Chapter 7: Computers

  • bus: group of wires for transmitting data (think individual RAM component)
    • address bus: transmit address/location data (unidirectional)
    • data bus: transmit data to and from
  • register: internal memory cell in CPU
  • instruction set: collection of all operations
  • at core of never-ending CPU cycle is Program Counter (PC or BIOS)

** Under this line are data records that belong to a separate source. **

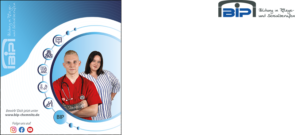 Im BIP Chemnitz könnt ihr Ausbildungen in der Krankenpflegehilfe, zur Pflegefachkraft, als Sozialassistent/in oder zum/zur Erzieher/in beginnen und lernen, wie ihr Fachwissen, Empathie, Kreativität und Engagement in den Berufsalltag integriert.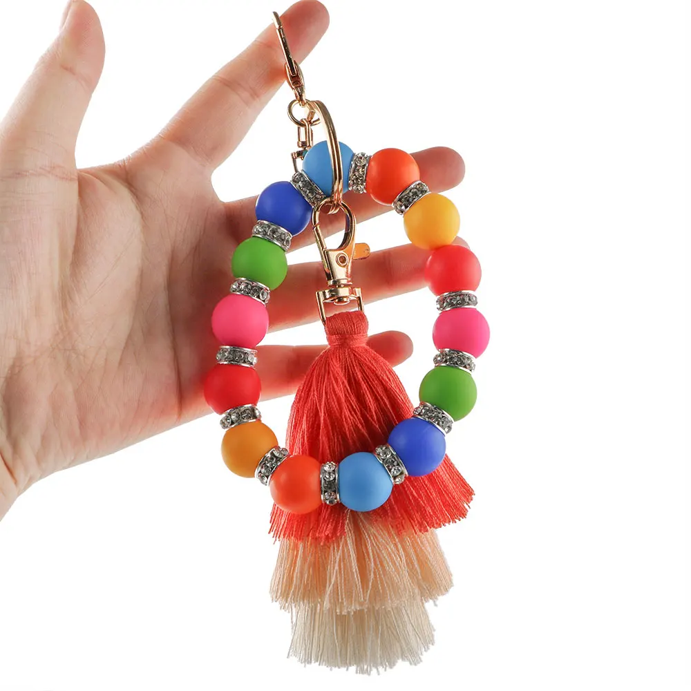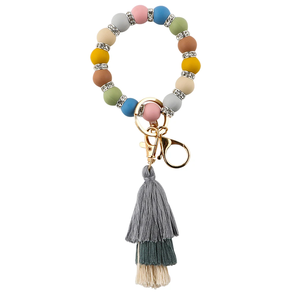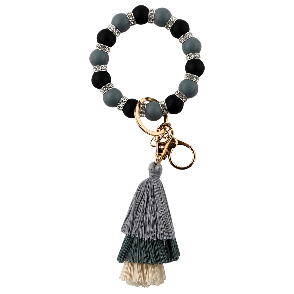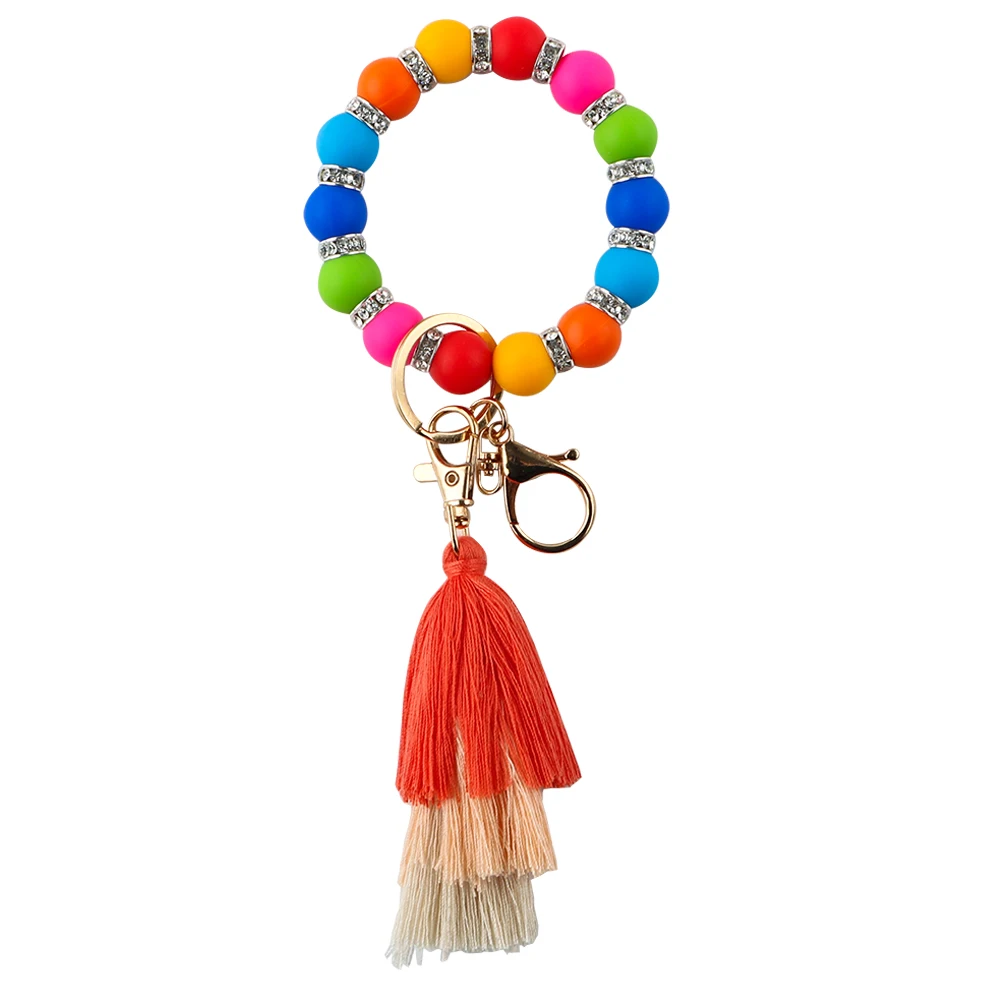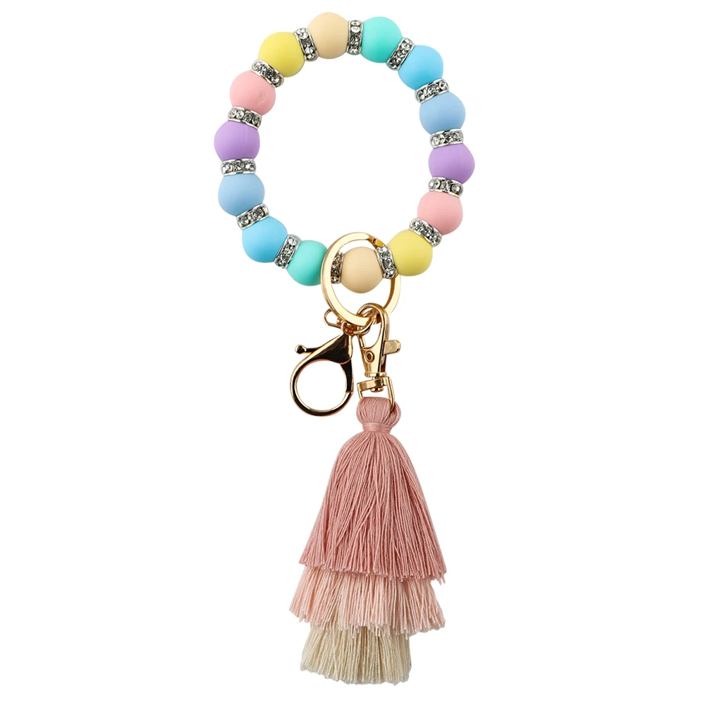 Kivoct-Pulsera con cuentas de silicona para hombre y mujer, llavero de moda con borlas, para teléfono, coche, mochila, colgante, regalos de joyería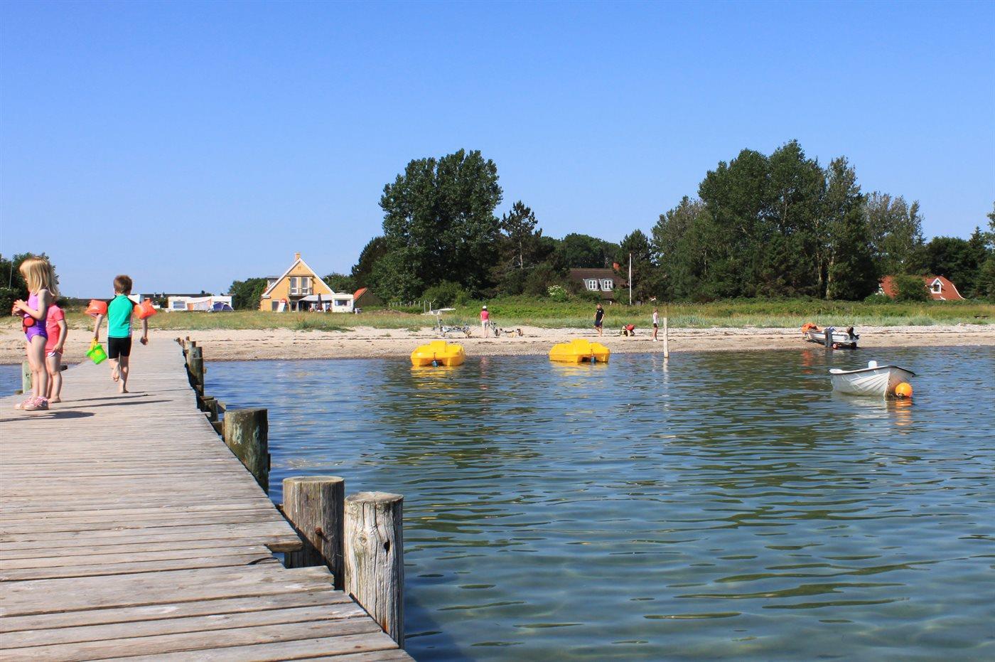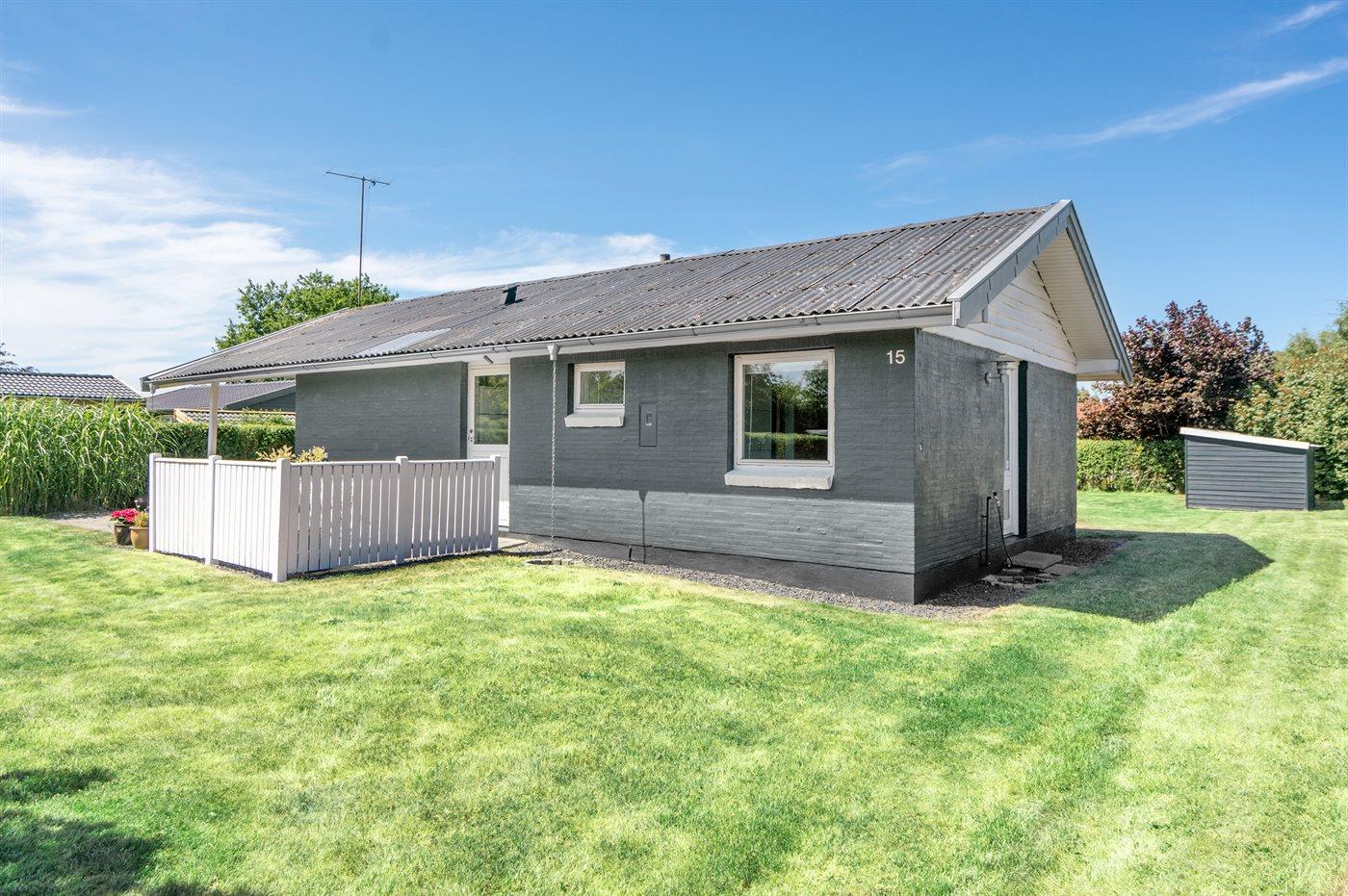 Hyggeligt sommerhus nær sandstrand i Middelfart med terrasse og udendørs pejs.

    • stores the memory address of next instruction to be executed
    • special register
    • will hold immutable core logic for computer startup
  • CPU clock: number of basic operations per second
    • 2 MHz = two million operations/second
    • quad-core 2 GHz = close to a billion operations/second
  • bit architecture
    • 4 bit = processing binary number instructions up to 4 digits 
    • 8 bit = up to 8, 32 bit = 32 digits, etc
    • thus a 64-bit program can’t run on 32-bit
    • 64-bit register = 2^64 = over 17 billion gigabytes
  • endian
    • little-endian = store numbers left-to-right
    • big-endian = right-to-left
  • compiler
    • converts programming language into machine instructions
    • turing-complete: read/write data, performs conditional branching
    • scripting languages (JS, Ruby, Python) use an interpreter to skip compiling (much slower! but immediate code execution)

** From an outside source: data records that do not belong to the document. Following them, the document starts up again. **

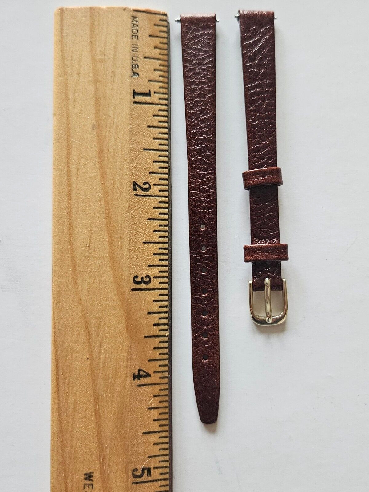 10mm / Long - Brown Genuine Leather Watch Band - Gold Buckle / Pins Included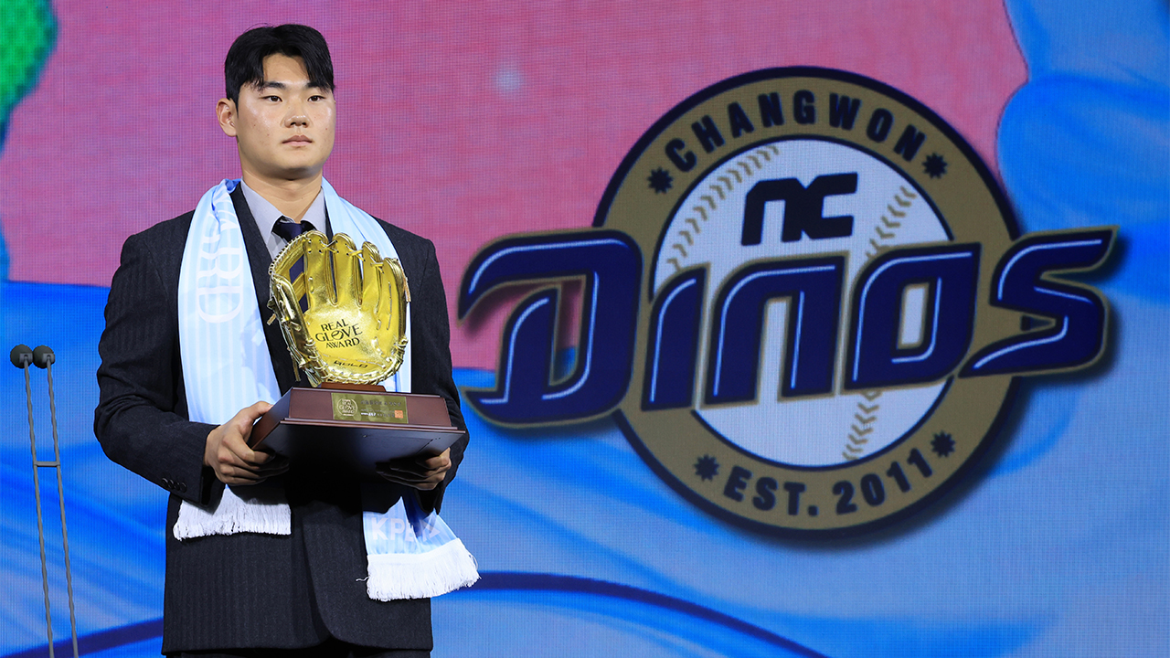 ▲ 2025컴투스프로야구 리얼 글러브 어워드에서 유격수 부문을 수상한 NC 김주원이 수상 후 기념사진을 촬영하고 있다.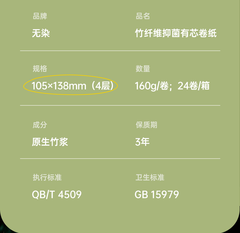 商品名称:无染竹纤维抑菌四层有芯卷纸160g*24卷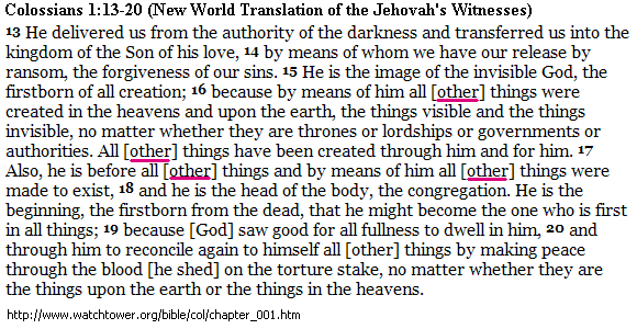 **JWs teach that Jesus was created by Jehovah, so when they come to Col. 1:16-17 which teaches Jesus created all things, they have to insert “other” or Jesus would have created Himself too. With their NWT, He created all [other] things.
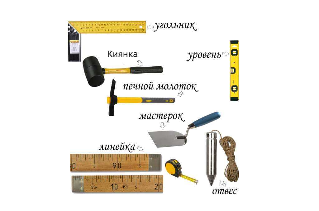 Для возведения печки подготовьте инструментарий, изображенный на фото. Бетонное основание должно затвердеть в течение 28 суток после заливки, затем его укрывают гидроизоляцией из рубероида (2 слоя) и базальтовым картоном.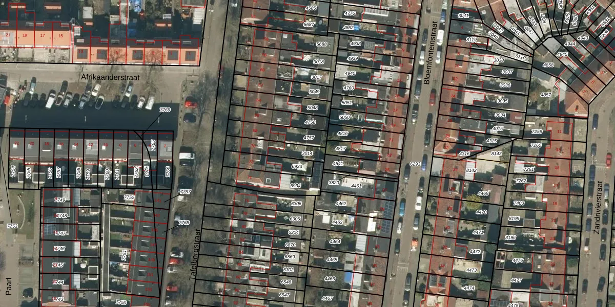 Gebruik de zoekbalk of klik op een perceel om informatie over het perceel te bekijken.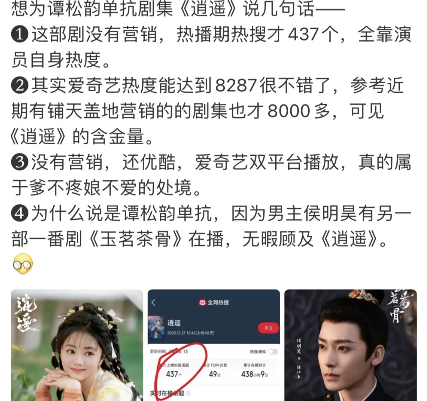 逍遥谁扛是公说公有理婆说婆有理,但侯明昊真的播什么剧都是透明体,是为什么呢,想了几个月没想通。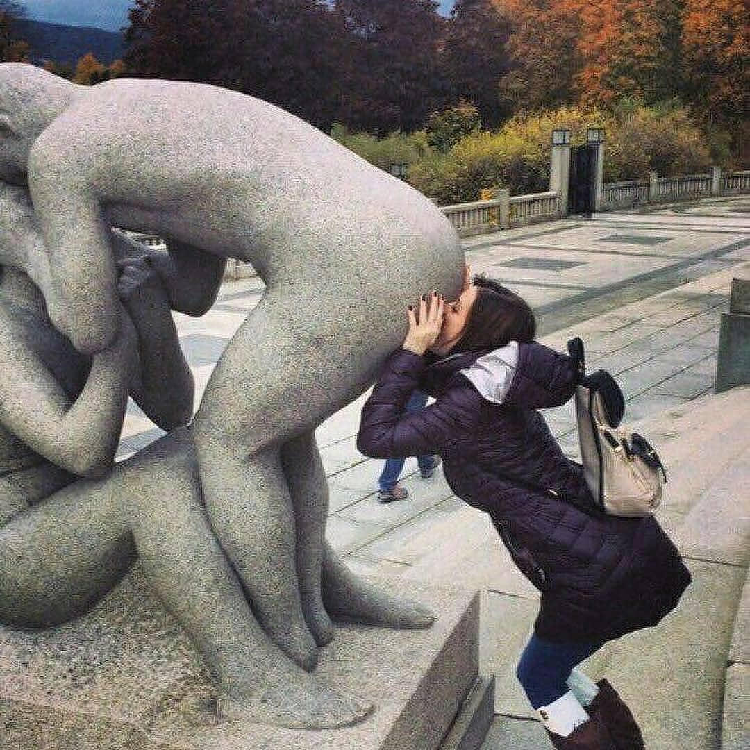Posa scherzosa al Parco Vigeland, nel centro di Oslo, Norvegia.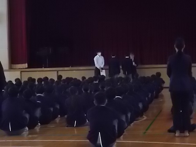 生徒指導主事の先生からのお話は、先生たちは保護者の次に見守っている大人だと思っている、主体的に動ける人間になってくれることを望んでいることを話してくれました。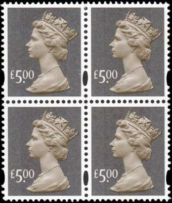 2003 De La Rue £5 colour trial in unissued brown iriodin security ink (PCP/PVA), mint unmounted o.g. block of four, fine and scarce. SG Y1803

    • once compiled, original code is impossible to recover
    • BUT is possible to decode the binary (disassembly). this is reverse-engineering, and frequently how programs are hacked (think pirated software that bypasses auth/download code)
  • memory hierarchy
    • Processor-Memory Gap: RAM is slower
    • the following help bridge the gap
      • Temporal Locality: if used once, likely to be used again
      • Spatial Locality: when address used, near-by addresses likely to be used shortly
      • L1/L2/L3 Cache: contents of memory with high probability of being accessed
    • Main Memory (RAM) – primary
    • Main Storage (DISK) – secondary, could be tape or SSD
  • Final Takeaway

Chapter 8: Programming

  • Values are first-class citizens. I never thought of it this way; I always associated the term “first-class” with functions & JavaScript
  • Paradigms
    • Imperative
      • first!
      • exact instructions at each step with specific commands
      • Machine Code: mnemonic instructions (ex – CP, MOV using Assembly ASM)

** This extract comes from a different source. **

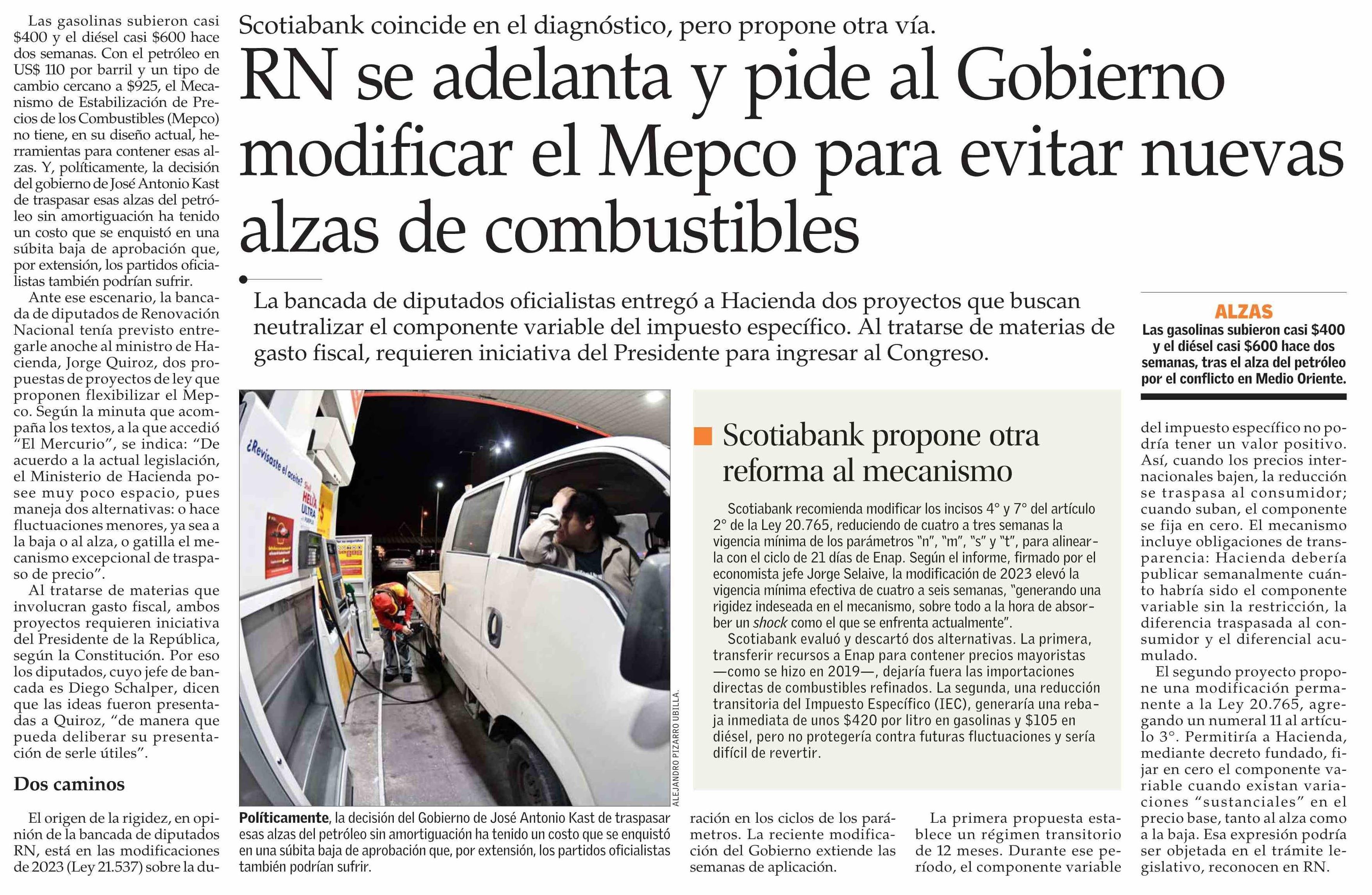 Título: RN se adelanta y pide al Gobierno modificar el Mepco para evitar nuevas alzas de combustibles

      • StructuredGOTO, JUMP to control execution flow, eventually conditionals (for much better control)
      • Procedural: an advancement, allowing dry code & reusability
    • Declarative
      • what you want, not how
      • Functional:
        • functions are first-class, & thus higher-order functions
        • closures 
          • can “remember” a var, and access it in future 
          • allow for clean approach to global var
    • Logic: best for AI, natural language processing
  • Final Takeaway
    • Once, I failed an interview code challenge. I now know why because I did not understand or know about closures!